The records:
·····

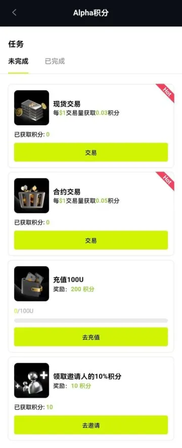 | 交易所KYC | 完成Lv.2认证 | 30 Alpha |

·····

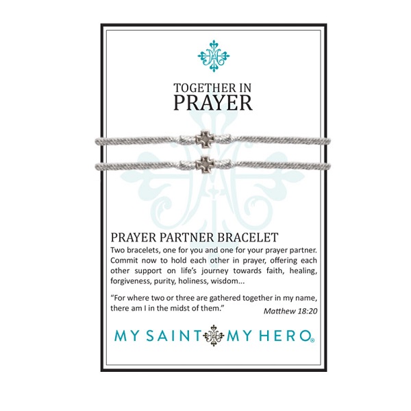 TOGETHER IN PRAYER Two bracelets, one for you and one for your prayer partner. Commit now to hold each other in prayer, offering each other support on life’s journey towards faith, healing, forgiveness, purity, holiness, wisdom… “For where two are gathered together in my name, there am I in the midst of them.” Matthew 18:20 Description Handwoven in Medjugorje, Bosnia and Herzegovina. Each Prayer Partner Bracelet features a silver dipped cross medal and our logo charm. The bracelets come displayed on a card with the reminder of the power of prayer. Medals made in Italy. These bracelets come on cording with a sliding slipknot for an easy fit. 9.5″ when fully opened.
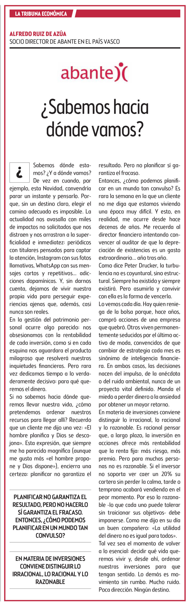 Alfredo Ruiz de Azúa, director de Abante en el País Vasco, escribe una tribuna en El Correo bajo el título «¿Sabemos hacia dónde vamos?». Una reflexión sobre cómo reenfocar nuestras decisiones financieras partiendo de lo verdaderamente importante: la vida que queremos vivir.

·····

What you are asked to do:
In the records above, find the line containing "TOGETHER IN PRAYER" and the line containing "Alfredo Ruiz de", then give both of them again word for word along with every line between. Omit any pictures.

Task output:
 TOGETHER IN PRAYER Two bracelets, one for you and one for your prayer partner. Commit now to hold each other in prayer, offering each other support on life’s journey towards faith, healing, forgiveness, purity, holiness, wisdom… “For where two are gathered together in my name, there am I in the midst of them.” Matthew 18:20 Description Handwoven in Medjugorje, Bosnia and Herzegovina. Each Prayer Partner Bracelet features a silver dipped cross medal and our logo charm. The bracelets come displayed on a card with the reminder of the power of prayer. Medals made in Italy. These bracelets come on cording with a sliding slipknot for an easy fit. 9.5″ when fully opened.
 Alfredo Ruiz de Azúa, director de Abante en el País Vasco, escribe una tribuna en El Correo bajo el título «¿Sabemos hacia dónde vamos?». Una reflexión sobre cómo reenfocar nuestras decisiones financieras partiendo de lo verdaderamente importante: la vida que queremos vivir.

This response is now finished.